Trent shook his head. “This is the only way.”
“Trent . . .”
“It will be okay,” he said, and my heart just about broke when he tucked a strand of hair behind my ear. “Algaliarept, I summon you,” he said softly, and I jerked back.
“This isn’t safe!” I protested, feeling as if the world was backward. He was summoning Al with no circle, and I was the one complaining.
“No, it isn’t.” Al’s voice rolled out of the darkness, and I stood, heart pounding.
Al was on the wide sidewalk. Behind him, Cincinnati tore herself apart, a suitable backdrop to his elegant crushed green velvet frock, walking stick, and top hat. “Al.” I begged for understanding, but I knew the demon hadn’t grasped the depth of the situation because I was still breathing.
“Help her,” Trent said simply, and by the light of the moon, I saw Al’s eyes narrow.
I flinched as Al strode forward, gripping my jaw to look into my eyes. The mystics rose up, and I frantically demanded be still, be still, be still, terrified.
“Do you realize what you have done!” Al shoved me away.
Trent lunged, catching me before I fell, and we stood before him. Al was pissed, but he still didn’t realize it all.
“Help her,” Trent repeated. “This wouldn’t have happened if you hadn’t turned your back on her.”
“Do not blame this anathema on me!” Al shouted, his voice echoing back from the town houses across the park. “I said to walk away. There’s no solution here! You should have let the world go to hell!”
“They’ve become attached to her,” Trent said, because I was too scared to say it. “You’ve been in her mind. You know what is her and what isn’t. Take out what doesn’t belong.”
The top of the cane cracked as Al gripped it. “and then what?” he said, taking three steps closer. “Put them in a jar? Don’t you understand?” He dropped his head, his eyes holding hate when he looked up. “There is no Goddess!” he said, hammering the words at Trent. “There never was! These voices she says she hears . . .” Al drew back in disgust. “They’re in her head alone. She is insane!”
“Al!” I shouted when he reached for Trent, but Trent did nothing, grim faced as Al twined his gloved hand into Trent’s shirt and pulled him close.
“And you pushed her into it,” Al snarled. But then his expression went empty, and he let Trent go, backing up until he could run his eyes Trent’s full length. “You slept with her,” he said, but it wasn’t a question.

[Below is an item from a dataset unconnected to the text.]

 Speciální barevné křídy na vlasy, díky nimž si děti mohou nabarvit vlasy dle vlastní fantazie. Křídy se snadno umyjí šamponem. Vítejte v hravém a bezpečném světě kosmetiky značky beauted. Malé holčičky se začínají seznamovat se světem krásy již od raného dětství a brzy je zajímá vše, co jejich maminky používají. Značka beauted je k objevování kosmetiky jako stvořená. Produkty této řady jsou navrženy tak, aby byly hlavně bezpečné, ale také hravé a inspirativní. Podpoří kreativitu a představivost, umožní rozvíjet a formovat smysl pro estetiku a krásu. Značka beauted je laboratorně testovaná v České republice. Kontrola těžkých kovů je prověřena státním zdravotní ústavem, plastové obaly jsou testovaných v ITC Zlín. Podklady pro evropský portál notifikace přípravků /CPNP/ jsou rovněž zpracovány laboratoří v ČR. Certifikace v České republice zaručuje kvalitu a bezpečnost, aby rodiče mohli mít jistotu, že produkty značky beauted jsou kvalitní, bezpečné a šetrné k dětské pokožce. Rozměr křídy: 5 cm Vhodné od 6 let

Oh God. Now it was going to get bad.
“You slept with him!” Al exclaimed, coattails furling as he spun to me. “Y-you,” he stammered, unable to find the words. “I gave you everything! And you repay me with this?”

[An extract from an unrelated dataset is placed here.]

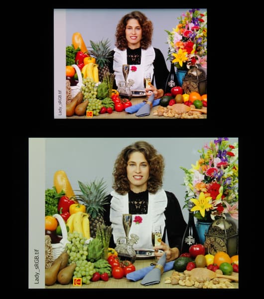 Отметим хорошую равномерность яркости и цветового тона белого поля (за исключением едва видимого затемнения и изменения оттенка к загнутым краям).

Al recoiled when I reached for him, and my heart seemed to twist. “Al, please,” I begged. “I didn’t mean it to happen.”
Al pulled his lips from his teeth in a savage snarl. “You let it happen.”
My blood roared in my ears, and I wavered as a small band of mystics found me, bringing a vision of the church and a broken water glass, his chrysalis among the shards. “Go away. Go away!” I shouted, waving at nothing. “Go back to her. She wants you!”
But she can only go in the space between space, one thought, and the rest agreed. We like the mass that defines her better.
Al and Trent were staring at me, and I suddenly realized I had screamed it out loud.
“Please,” Trent begged.
Al turned, voice flat as he said, “It’s too late.”
“It’s not—”
“It’s too late!” Al wouldn’t look at me. His eyes were pained, and his hands in his white gloves scrubbed his face. “If she could be helped, she would have done it herself.”
Trent’s expression became hard. “You mean you can’t.”
“That’s right. I can’t.” Al looked at nothing, still not acknowledging I was standing right there. “The Goddess is a myth, a deified energy source. Voices in her head,” he said scornfully. “This is what happens when you listen to the spaces too long.” Now he looked at me, and the depth of his heartache struck me cold. “Your mind invents a reason,” he said softly. “Mystics are a fabrication to explain a disease. This is a psychosis.” Al’s eyes flicked to Trent. “Your wild magic made her insane, and you will watch her die a slow, confused, worthless death. I will have no part in it.”